There will also be a growing demand for engineers in industries such as nuclear, electronics and clean technology.
Whiteman said the main challenge for attracting young people to engineering is changing the perception of what an engineering career is like.
‘I think engineer is a word used in the UK to describe lots of different occupations which is a bit misleading because an engineer repairing your fridge or your car would not have the skills necessary to do a job in our aerospace industry,’ he said.
‘What we’re focusing on is high level technical skills. These are the sorts of jobs where you’ve got job security because there is more demand than supply. They’re quite well paid and offer lots of opportunity to travel because most of the industries we service are global.’
As far as recruitment in the current workforce, Whiteman said a key focus will be on ‘re-skilling’ workers.

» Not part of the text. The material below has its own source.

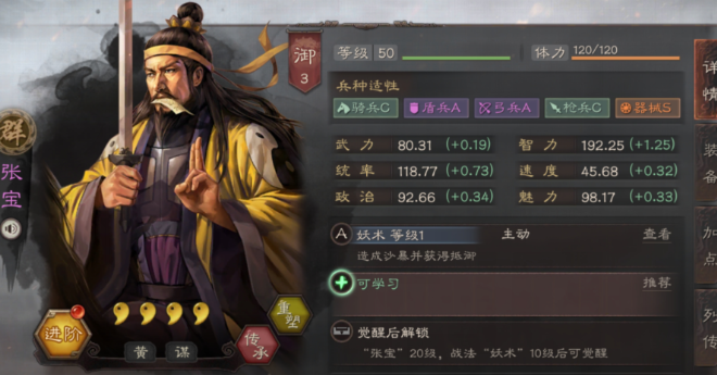 属性加点与兵书选择直接影响实战效能。张角与张宝建议全智力加点,最大化其谋略伤害与战法发动率加成;张梁推荐全统率加点以强化防御能力。兵书方面,张角适用急战突围、将威与鬼谋,侧重提升输出稳定性与爆发力;张宝与张梁则适合分而急战与救主,增强团队生存与续航。

‘There are quite large numbers in our sector who have no qualifications and they’ve learned on the job,’ he said. ‘They’ve got skills and experience but they actually need to learn new skills and get new experience in order to the meet the highly skilled and more technical job priorities of the future.’
Whiteman said one of the main advantages of an engineering degree is it is applicable across a wide variety of industries; meaning a worker who has lost their job in a mature industry could easily retrain and get a job in a growing sector.
‘The example I use is the nuclear industry,’ he said. ‘You get lots of people asking you about nuclear engineers, most of the engineers that work in the nuclear industry will have the same skill set as people who work in an engineering organisation in a mature engineering company because all they do things to a higher quality because of the plants and the installations, it’s mostly similar activity you’d be doing in a normal engineering works.’
Whiteman said one area he expects the government– whether it is Labour, Conservative or Lib Dem – to give greater attention to is apprenticeship programmes.
‘We need more apprentices because two thirds of the skills shortage we project will be in technical skills, which are best reduced by having more apprentices coming through the system,’ he said. ‘We need the employers to be taking on more apprentices and we need the government of any hue to support apprenticeship activities.’